You'll need to tell Nginx to forward to the web server. Something like:
server { listen 80; server_name gn2-fallback.genenetwork.org; access_log /var/log/nginx/gn2-danny-access.log; error_log /var/log/nginx/gn2-danny-error.log; location / { proxy_pass http://127.0.0.1:5000/; proxy_redirect off; proxy_set_header Host $host; proxy_set_header X-Real-IP $remote_addr; proxy_set_header X-Forwarded-For $proxy_add_x_forwarded_for; client_max_body_size 8050m; proxy_read_timeout 300; proxy_connect_timeout 300; proxy_send_timeout 300; } }
Without gn3 the menu will not show on the main page and you see 'There was an error retrieving and setting the menu. Try again later.'
GN3 is a separate REST server that has its own dependencies. A bit confusingly it is also a Python module dependency for GN2. So we need to set up both 'routes'.
First checkout the genenetwork3 repo as gn2 user
su gn2 cd /home/gn2 mkdir -p gn3_production cd gn3_production git clone https://github.com/genenetwork/genenetwork3.git
Check the genenetwork3 README for latest instructions on starting the service as a Guix container. Typically
guix shell -C --network --expose=$HOME/production/genotype_files/ -Df guix.scm
where genotype_files is the dir you installed earlier.
Run it with, for example
export FLASK_APP="main.py" flask run --port=8081
I.e., the same port as GN2 expects in gn2_settings.py. Test with
curl localhost:8081/api/version "1.0"
Next set up the external API with nginx by adding the following path to above definition:
location /gn3 { rewrite /gn3/(.*) /$1 break; proxy_pass http://127.0.0.1:8081/; proxy_redirect off; proxy_set_header Host $host; }
and if DNS is correct you should get
curl gn2-fallback.genenetwork.org/gn3/api/version "1.0"
To generate the main menu the server does a request to
$.ajax(gn_server_url +'api/menu/generate/json.

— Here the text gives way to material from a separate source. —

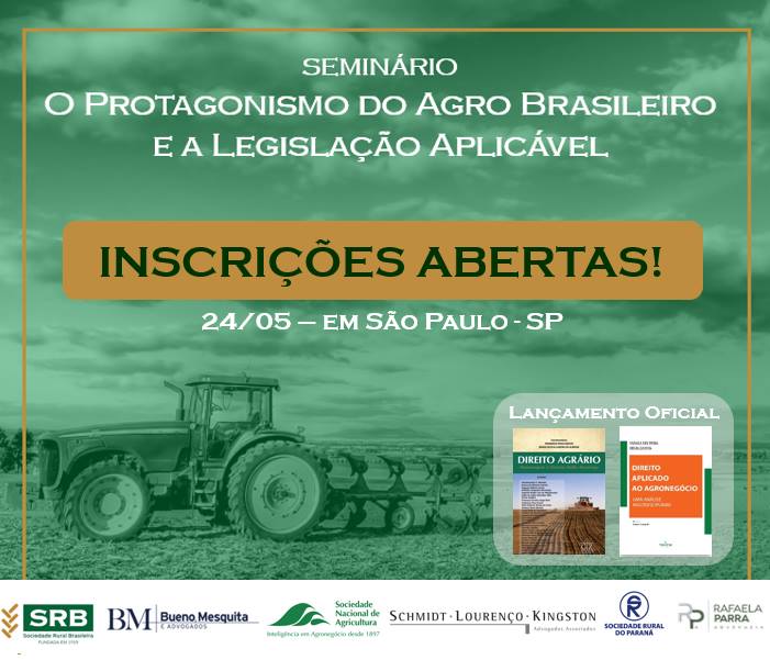 Inscreva-se: https://www.sympla.com.br/seminario-o-protagonismo-do-agronegocio-brasileiro-e-a-legislacao-aplicavel__283126

On production that is
https://genenetwork.org/api3/api/menu/generate/json which is actually gn3(!)
curl http://gn2-fallback.genenetwork.org/gn3/api/menu/generate/json
If this gives an error check the gn3 output log.
Perhaps obviously, on a production server GN3 should be running as a proper service.
There is another GN3 service that resolves wikidata Gene aliases
su gn2 cd ~/gn3_production git clone https://github.com/genenetwork/gn3.git
follow the instructions in the README and you should get
curl localhost:8000/gene/aliases/Shh ["Hx","ShhNC","9530036O11Rik","Dsh","Hhg1","Hxl3","M100081","ShhNC"]
The proxy also needs to run.
su gn2 cd ~/gn3_production git clone https://github.com/genenetwork/gn-proxy.git
See README
Check the server log for errors from the server. There should be one in /home/gn2/production/tmp/. For example you may see
ERROR:wqflask:404: Not Found: 7:20AM UTC Aug 20, 2022: http://gn2-fallback.genenetwork.org/api/api/menu/generate/json
pointing out the setting in gn2_settings.py is wrong.
Use the console bar of the browse to see what JS error you get.
If you get CORS errors it is because you are using a server that is not genenetwork.org and this is usually a configuration issue.